▸ **Activity**
After locating the line that holds "备注:升级酒店差价、升级后儿童早餐费用和温泉费用,以客服回复为准 | ||||", copy that line and all that follow it word for word through the end of the data, with no pictures.

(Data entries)

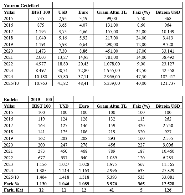 Aşağıdaki tablolardan üstteki 2015 yılından bugüne kadar BIST 100 endeksi, dolar (USD), Euro, gram altın (TL), mevduat faizi (TL) ve kripto paraları temsilen Bitcoin’in (USD olarak) geçirdiği gelişmeleri gösteriyor. Alttaki tablo 2015 yılını bütün bu araçlar için 100 kabul ederek oluşturduğumuz endekse göre yıllar içinde aldıkları değerleri ortaya koyuyor (üstteki tablo; BIST, Bloomberg HT, Paratic Piyasalar, CNBCe, trading view sitelerindeki veriler kullanılarak tarafımdan hazırlanmış, alttaki tablo 2015 yılı 100 kabul edilmek suretiyle üstteki tablonun verileri endekslenerek oluşturulmuştur):
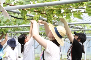 ブドウの袋掛けをしながら、ワインや生食に使われるブドウの特徴の違いや種無しを作るための作業などのレクチャーを受けたり、果物の収穫後は様々な品種を食べ比べて違いを体感するなど、生産現場ならではの学びに本校の学生間では人気の活動となっています。
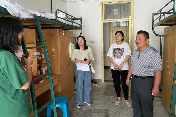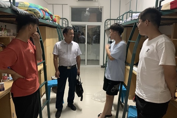 9月16日下午,动物科学学院党总支书记汪洋、院长刘德义、副书记李忠在新生辅导员李焱、贾方敏、胡文丽的陪同下深入宿舍,看望慰问2020级新生。
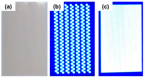 Figure 10a presents the 3200-piece WA mini-LED flexible planar backlight module. A Yongtek Electronics die bonder was used to complete the process. Figure 10b presents an image from the local dimming function that was obtained by using a driver integrated circuit to control the mini-LEDs in specific areas. Figure 10c shows an image of the model when all the mini-LEDs were activated. This model had an operational voltage of 96.2 V, an operational current of 0.015 A, and a power consumption of 1.44 W.
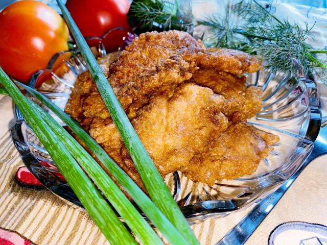 Куриное филе в кляре из соевого соуса с мукой и яйцом
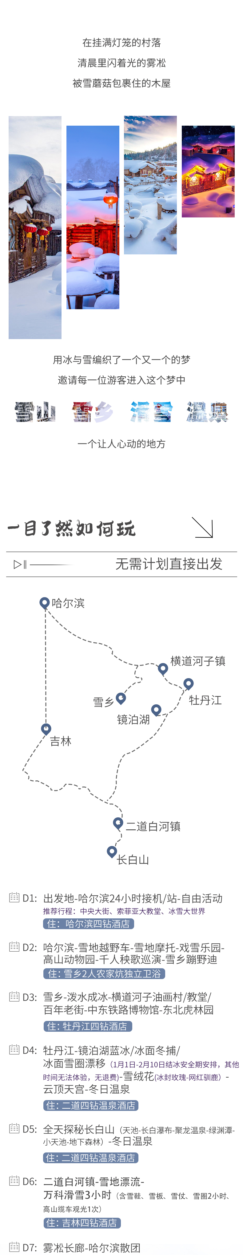 1.2米以下为儿童,含车位费、含滑雪、含雪乡炕位、赠送项目、保险、免门票、免早餐,不含酒店住宿、不含雪地漂流,超高但未满12周岁需补门票381元+早餐费200元+温泉176元,如需占床补酒店费用800元床位费含早餐含温泉, 1晚雪乡农家炕如想单住请现询客服。 升级轻奢版补房差1200元/人 哈尔滨参考哈尔滨新巴黎或同级 雪乡参考雪筑遇见/纳山纳雪/雪韵假日/万嘉森林或同级 牡丹江参考夏威夷/世贸假日或同级 二道白河参考王朝圣地酒店或同级 吉林参考世贸万锦/戴斯温德姆/紫光苑华美达或同级 备注:升级酒店差价、升级后儿童早餐费用和温泉费用,以客服回复为准 | ||||
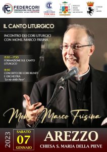 Sabato 7 gennaio 2023, presso la Chiesa di S.Maria della Pieve in Arezzo, Mons. Marco Frisina incontrerà i cori liturgici nel programma che segue: 15:30 – 17:30 Formazione sul canto liturgico 19:00 Concerto dei cori riuniti e orchestra “La via della pace”
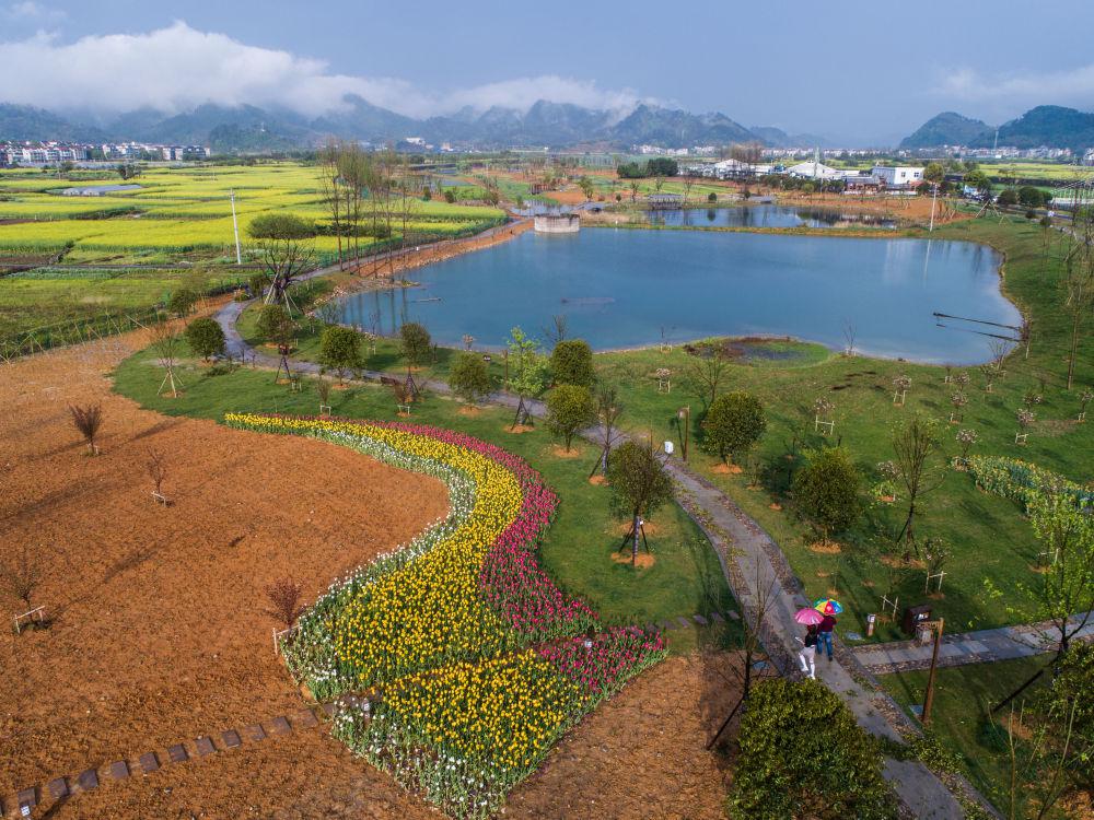 餘村地處浙江省湖州市安吉縣天荒坪鎮,2005 年前這裏水泥廠、採石場遍佈,漫天灰塵迷人眼。今天,餘村已成為人氣很旺的 4A 級景區。被拆遷的水泥廠舊址復墾後變身五彩田園,村裏流轉的 500 多畝土地成為油菜花田、荷花藕塘,四季皆有景。

▸ **Expected output**
 1.2米以下为儿童,含车位费、含滑雪、含雪乡炕位、赠送项目、保险、免门票、免早餐,不含酒店住宿、不含雪地漂流,超高但未满12周岁需补门票381元+早餐费200元+温泉176元,如需占床补酒店费用800元床位费含早餐含温泉, 1晚雪乡农家炕如想单住请现询客服。 升级轻奢版补房差1200元/人 哈尔滨参考哈尔滨新巴黎或同级 雪乡参考雪筑遇见/纳山纳雪/雪韵假日/万嘉森林或同级 牡丹江参考夏威夷/世贸假日或同级 二道白河参考王朝圣地酒店或同级 吉林参考世贸万锦/戴斯温德姆/紫光苑华美达或同级 备注:升级酒店差价、升级后儿童早餐费用和温泉费用,以客服回复为准 | ||||
 Sabato 7 gennaio 2023, presso la Chiesa di S.Maria della Pieve in Arezzo, Mons. Marco Frisina incontrerà i cori liturgici nel programma che segue: 15:30 – 17:30 Formazione sul canto liturgico 19:00 Concerto dei cori riuniti e orchestra “La via della pace”
 餘村地處浙江省湖州市安吉縣天荒坪鎮,2005 年前這裏水泥廠、採石場遍佈,漫天灰塵迷人眼。今天,餘村已成為人氣很旺的 4A 級景區。被拆遷的水泥廠舊址復墾後變身五彩田園,村裏流轉的 500 多畝土地成為油菜花田、荷花藕塘,四季皆有景。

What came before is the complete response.